Brooks argues that the ethics code imposed a reporting requirement that is contrary to state law. Brooks also argues that the ethics code was unreasonable and violated her rights of equal protection because state employees and other union employees are not subjected to a similar requirement to report violations by coworkers. Brooks's arguments are not persuasive. Brooks's equal protection rights under the constitution have not been violated, because Unisys is a private company, not a unit of government. See U.S. Const. amend. XIV (stating that no "state" shall deny to any person the equal protection of the laws). Furthermore, the fact that one employer may impose an unusual requirement on employees does not necessarily make the requirement unreasonable.

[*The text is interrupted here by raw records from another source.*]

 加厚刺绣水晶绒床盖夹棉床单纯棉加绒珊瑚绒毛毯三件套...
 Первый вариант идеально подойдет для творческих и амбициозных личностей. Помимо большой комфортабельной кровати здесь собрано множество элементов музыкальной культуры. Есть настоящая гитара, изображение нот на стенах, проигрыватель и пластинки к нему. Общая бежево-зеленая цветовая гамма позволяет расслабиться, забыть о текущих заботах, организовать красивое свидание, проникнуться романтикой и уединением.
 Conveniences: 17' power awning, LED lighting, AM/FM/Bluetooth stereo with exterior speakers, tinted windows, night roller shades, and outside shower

Even if Unisys's ethics code was unreasonable or illegal, Brooks had the duty to provide Unisys with sufficient notice of her objections before quitting. See Burtman v. Dealers Discount Supply , 347 N.W.2d 292, 294 (Minn.App. 1984) (stating that employer's insistence on illegal and immoral tactics would have provided employee with good cause to quit, had he provided the employer with sufficient notice of his objections), review denied (Minn. July 26, 1984); Ryks , 410 N.W.2d at 382 (stating that "offensive conditions must be reported before an employee quits, to allow the employer an opportunity to correct the problem"). Brooks testified that she did not discuss with Unisys her concerns about the ethics code.

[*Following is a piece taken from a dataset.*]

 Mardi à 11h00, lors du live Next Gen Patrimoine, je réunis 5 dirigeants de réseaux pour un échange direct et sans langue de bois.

We note that in her brief on appeal, Brooks has referred to several incidents that are unrelated to Brooks's issues with the ethics code. Even if Brooks may have had "good cause" to quit as a result of these incidents, she may be disqualified from receiving reemployment insurance benefits if she actually quit because of the ethics code. See Beyer v. Heavy Duty Air, Inc. , 393 N.W.2d 380, 382 (Minn.App. 1986) (concluding that where employee's separation was "due to" job dissatisfaction, rather than chemical dependency, employee was disqualified from receiving benefits); Foy v. J.E.K. Indus. , 352 N.W.2d 123, 125 (Minn.App. 1984) (concluding that employee was disqualified from receiving benefits because employee quit as a result of job dissatisfaction rather than substantial reduction in wages). Brooks has consistently maintained that the reason for her resignation was the ethics code and not any dissatisfaction with her working conditions at Unisys.

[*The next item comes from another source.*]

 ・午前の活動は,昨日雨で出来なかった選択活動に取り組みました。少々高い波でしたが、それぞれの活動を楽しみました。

Furthermore, the incidents cited by Brooks were not included in the record created by the reemployment insurance judge. The Commissioner's representative may only consider "the evidence submitted at the hearing before the reemployment insurance judge." Minn. Stat. § subd. 3 (Supp. 1995). This court is limited to reviewing the decision of the Commissioner's representative. Id. , subd. 7; Tuff v. Knitcraft Corp. , 526 N.W.2d 50, 51 (Minn. 1995). Therefore, we may not consider information that was not received into evidence by the reemployment insurance judge. See Plowman v. Copeland, Buhl Co., Ltd. , 261 N.W.2d 581, 583 (Minn. 1977) (stating "well settled" rule that appellate courts may not base decisions on matters outside the record; matters not produced and received in evidence below may not be considered).